How about people simply not complaining about what things cost, buy what they can afford to buy and enjoy it, and live without what they cannot afford?

Arcane thinking, I know.


----------



## feck (Sep 19, 2013)

EastWest Lurker @ Thu Sep 19 said:


> How about people simply not complaining about what things cost, buy what they can afford to buy and enjoy it, and live without what they cannot afford?



Agreed!


----------



## Darthmorphling (Sep 19, 2013)

EastWest Lurker @ Thu Sep 19 said:


> How about people simply not complaining about what things cost, buy what they can afford to buy and enjoy it, and live without what they cannot afford?
> 
> Arcane thinking, I know.



I do agree with Jay here. There are too many competing products out there to worry about price. If you want a specific feature then pay for it.

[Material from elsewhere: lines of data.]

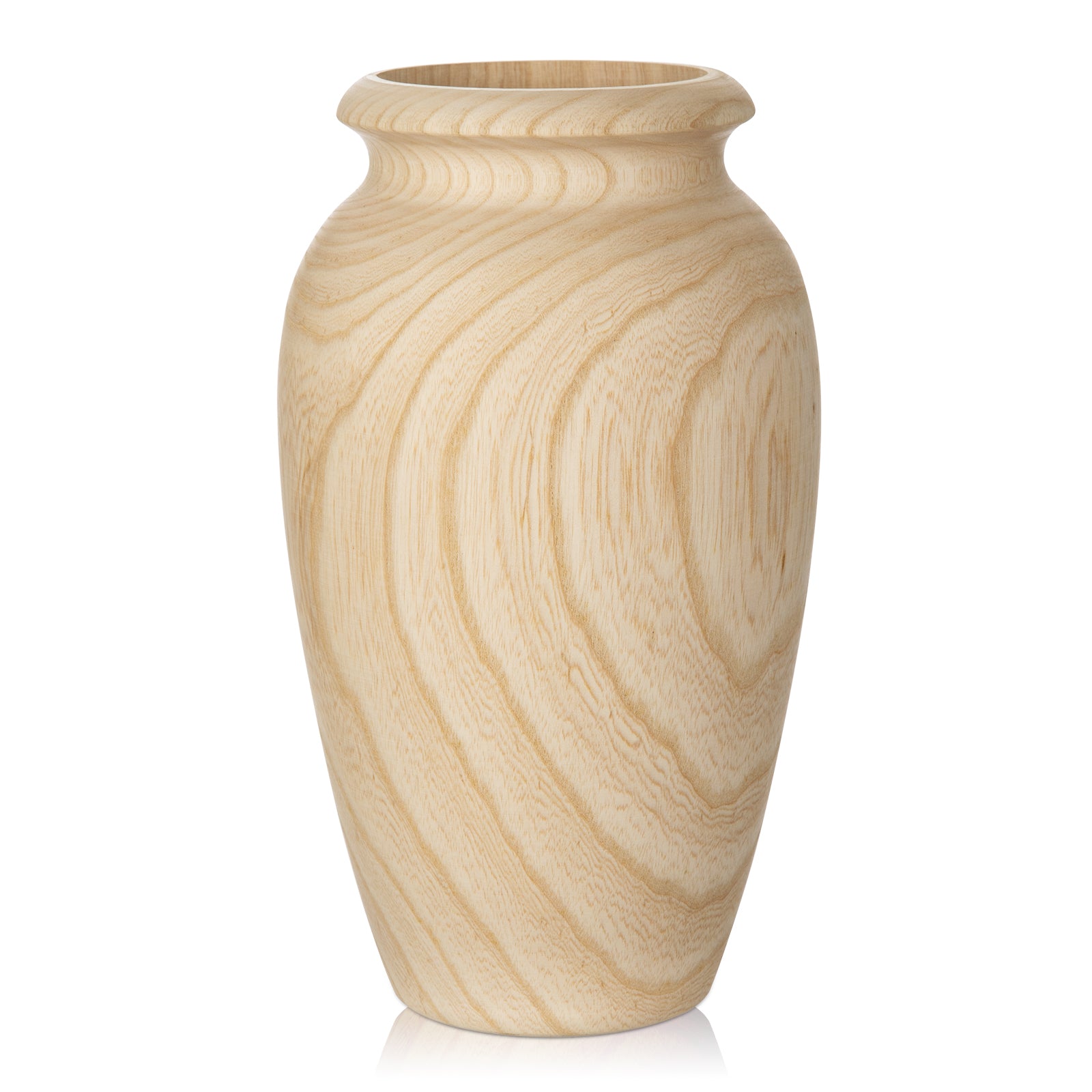The Ash Wood Vase brings natural warmth and understated sophistication, showcasing organic wood grain in sculptural designs. At 10 inches tall, it works alone on shelves/tables or as a base for faux/dried bouquets, adding beauty to any space.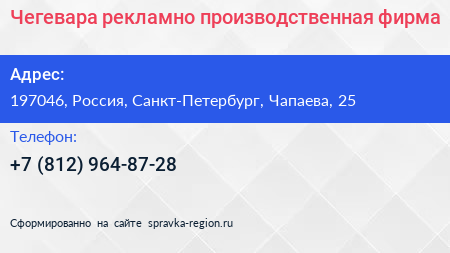 Чегевара, рекламно-производственная фирма по адресу 197046, Россия, Санкт-Петербург, Чапаева, 25 в дальнейшем Организация, размещена в следующих категориях: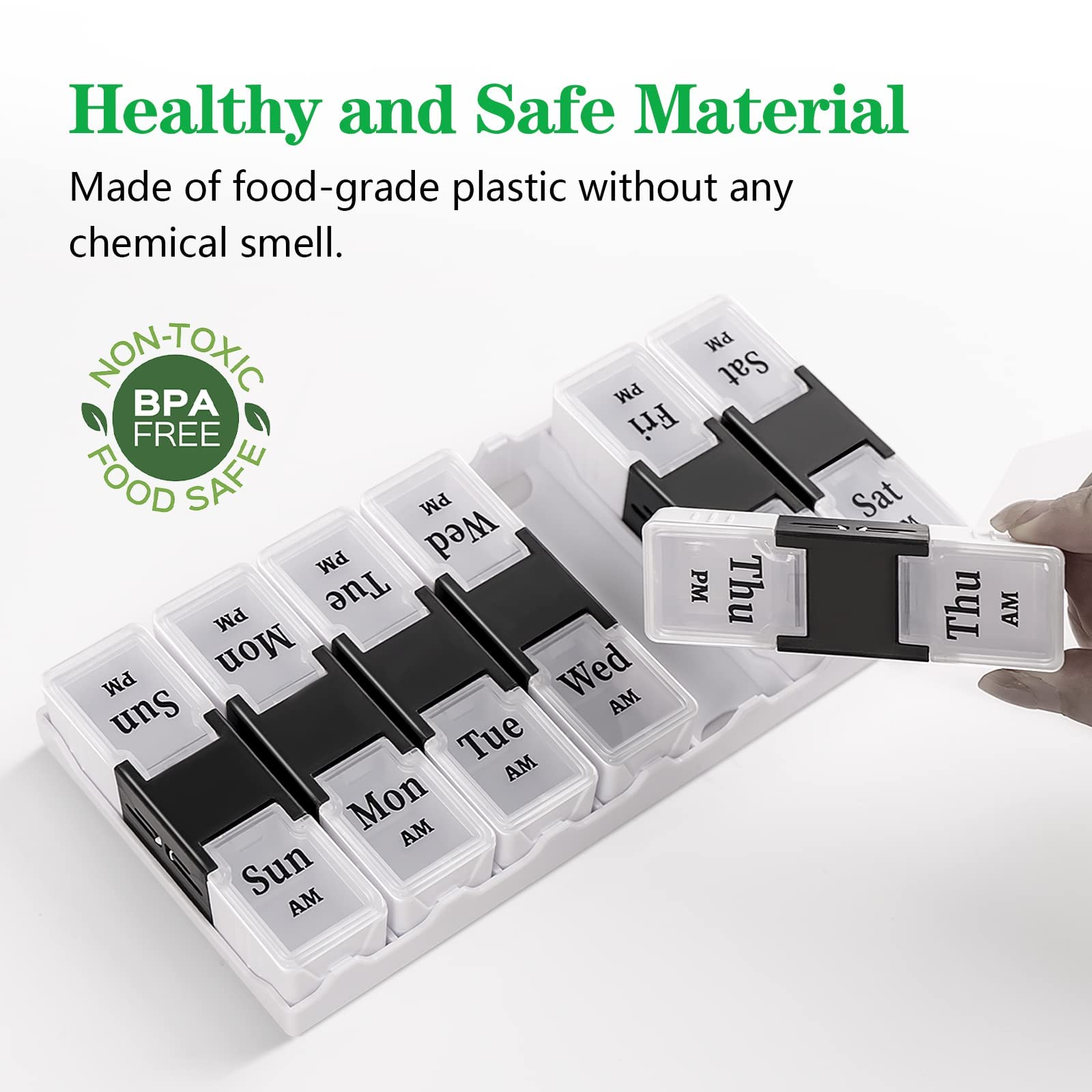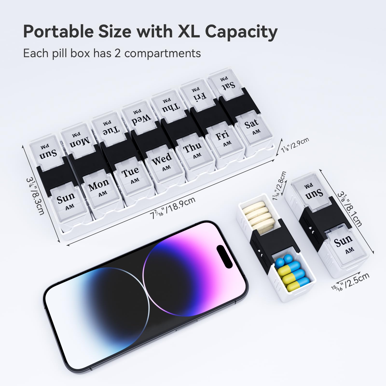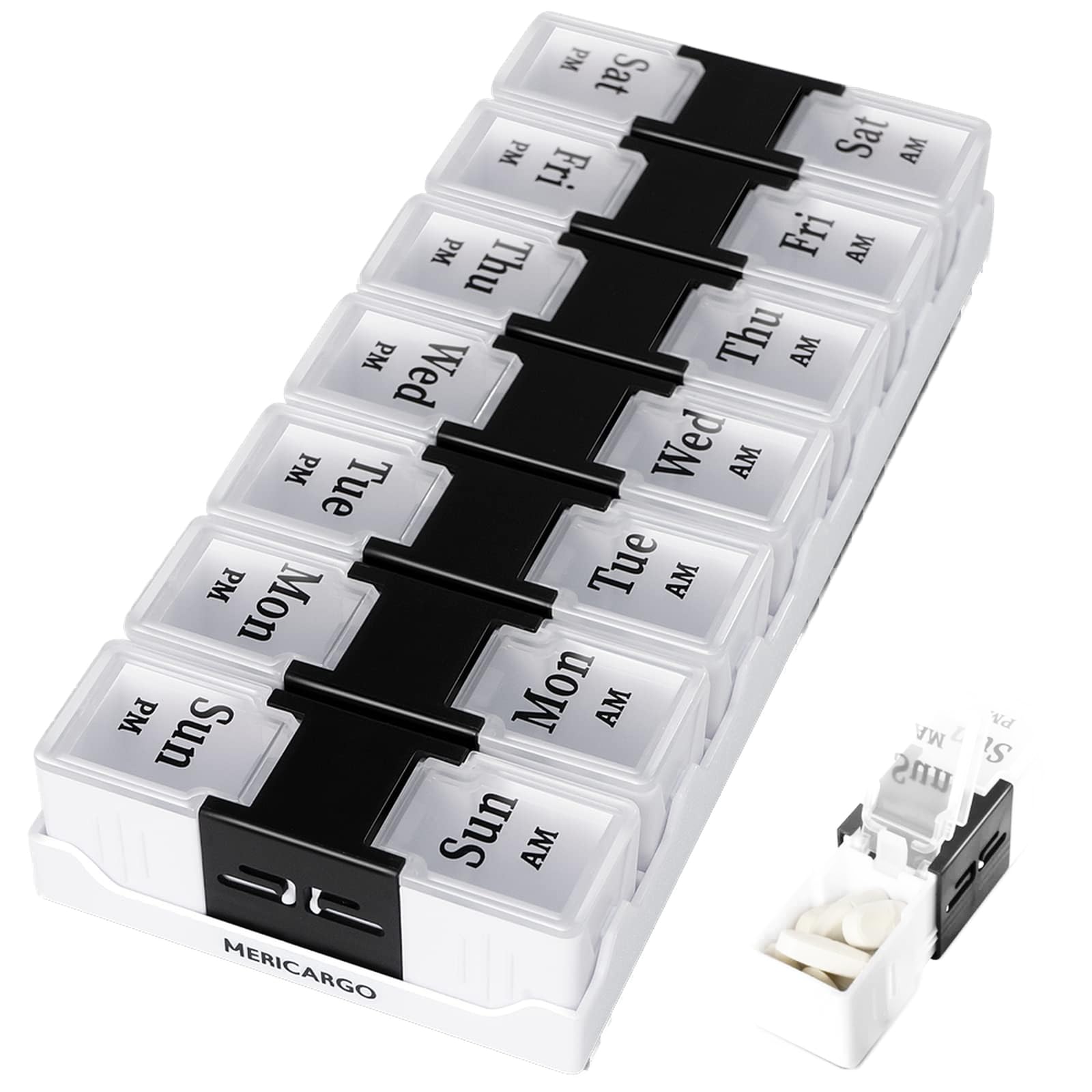 - Original Pill Organizers – Weekly Pill Organizer 2 Times a Day, Easy Open Travel Pill Box, Am Pm Pill Organizer 7 Day for Medicine, Vitamins, Fish Oils and Supplements by MERICARGO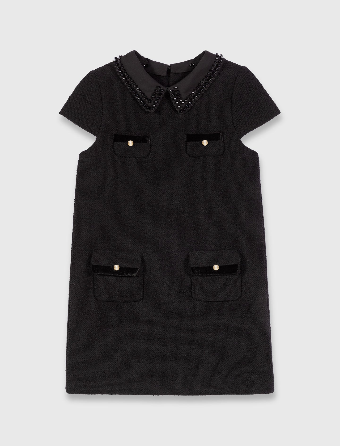 Un estilo de alta costura, anclado en el espíritu parisino. Este vestido corto de tweed juega con los contrastes: línea depurada, tweed texturizado y detalles preciosos. Su cuello joya realzado con perlas aporta un encanto discreto y un bonito brillo, mientras que los acabados de terciopelo en los bolsillos subrayan una elegancia femenina. Un auténtico básico de la temporada.

However, all of the, "In my day...," comments are kind of ridiculous.


----------



## EastWest Lurker (Sep 19, 2013)

Halle-f'inglujah, I was beginning to question my sanity.


----------



## Daryl (Sep 19, 2013)

The only thing I would add is that next time you want to complain about the cost of a product, just stop to think how you react (or feel for that matter) when your employer/client tells you that your fees are too high and only wants to pay you 50%. Not great, I'll bet. :wink: 

D


----------



## Darthmorphling (Sep 19, 2013)

EastWest Lurker @ Thu Sep 19 said:


> Halle-f'inglujah, I was beginning to question my sanity.



No need to question it, not for this anyway :twisted:


----------



## EastWest Lurker (Sep 19, 2013)

Darthmorphling @ Thu Sep 19 said:


> EastWest Lurker @ Thu Sep 19 said:
> 
> 
> > Halle-f'inglujah, I was beginning to question my sanity.
> ...



:lol:


----------



## midi_controller (Sep 19, 2013)

I''ll agree with the let's stop complaining bit, and this is probably the response I would normally have expected. I was just saying that everyone does it from time to time, it's nothing unusual. If Steinburg has prices that you cannot or do not want to pay, there are plenty of alternatives. Personally, I'm a SONAR user, and happy to be one (mostly).

And I do agree with you to a degree Jay, there are plenty of people that have an entitlement complex, I just think it's unfair to stick that label on an entire generation. I'll balk at prices now and then, not because I think I'm entitled to it, but more because either the product doesn't seem worth it, or (as I believe is the case with the OP) it's not in line with the competition.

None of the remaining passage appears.